Die Idee, vom Hochrhein aus vielen jungen Menschen in Ruanda Bildung zu ermöglichen, wurde seither stetig ausgebaut und verstärkt. Auch der Bürgerkrieg 1990 konnte Ilse Nirks Engagement nicht stoppen. Die beiden Frauen verfolgten konsequent die Idee der Partnerschaft. 1999 wurde die Justus-von-Liebig-Schule Partnerschule des allgemeinbildenden Kollegs in Save (Ruanda).

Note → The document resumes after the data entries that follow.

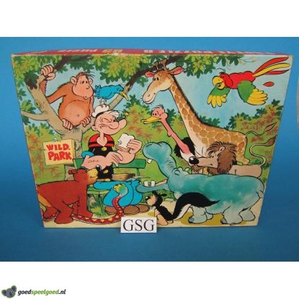 Puzzel van Jan van Haasteren uit 1975 van 63 stukjes met als thema wildpark (Popeye) van het merk King Eldorado. Let op!, van deze puzzel is een stukje beschadigd.
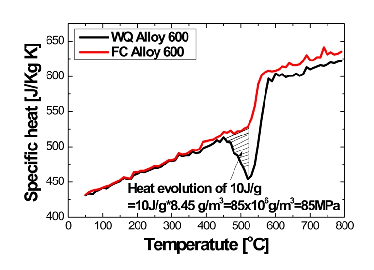 Alloy 600에서 일어나는 규칙 반응은 DSC 방법으로 확인되었다[5,6]. 그림 6은 0.009%의 탄소를 함유한 Alloy 600을 1,095°C에서 30분 유지한 후 WQ 및 FC 처리 시편의 비열을 분석한 결과이다.
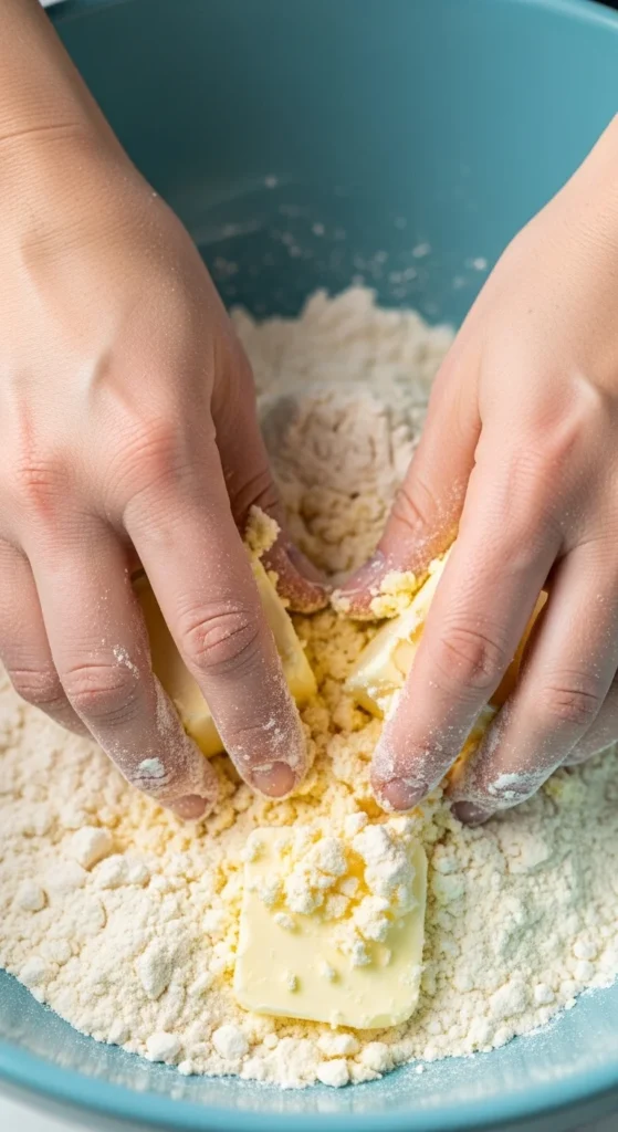 You’re aiming for a shaggy texture — some small bits of butter should still be visible. These will create those lovely flaky layers once baked.

Hilfe für Ruanda in vielfältiger Form

Bis heute werden zahlreiche ehrenamtliche Aktionen, wie Benefizkonzerte und Spendenaktionen durchgeführt, um die Partnerschule zu unterstützen. Mit all diesen Spenden konnte in den zurückliegenden drei Jahrzehnten vieles erreicht werden. Das reicht vom Aufbau eines Schulrestaurants bis hin zur stetigen Unterstützung durch die Schulpartnerschaft. Seit fast zwei Jahren gibt es den Verein „Gemeinsam mit Save/Ruanda“, dessen Vorsitz Ilse Nirk übernommen hat.

Der Lauchringer Bürgermeister Thomas Schäuble, den eine langjährige Freundschaft mit Ilse Nirk verbindet, erinnerte in seiner Rede daran, dass Klemens Nirk ebenfalls für den Orden vorgeschlagen war. In ihren Dankesworten wies Ilse Nirk darauf hin, dass die Hilfe für Ruanda nur dank des Engagements Vieler zu leisten ist.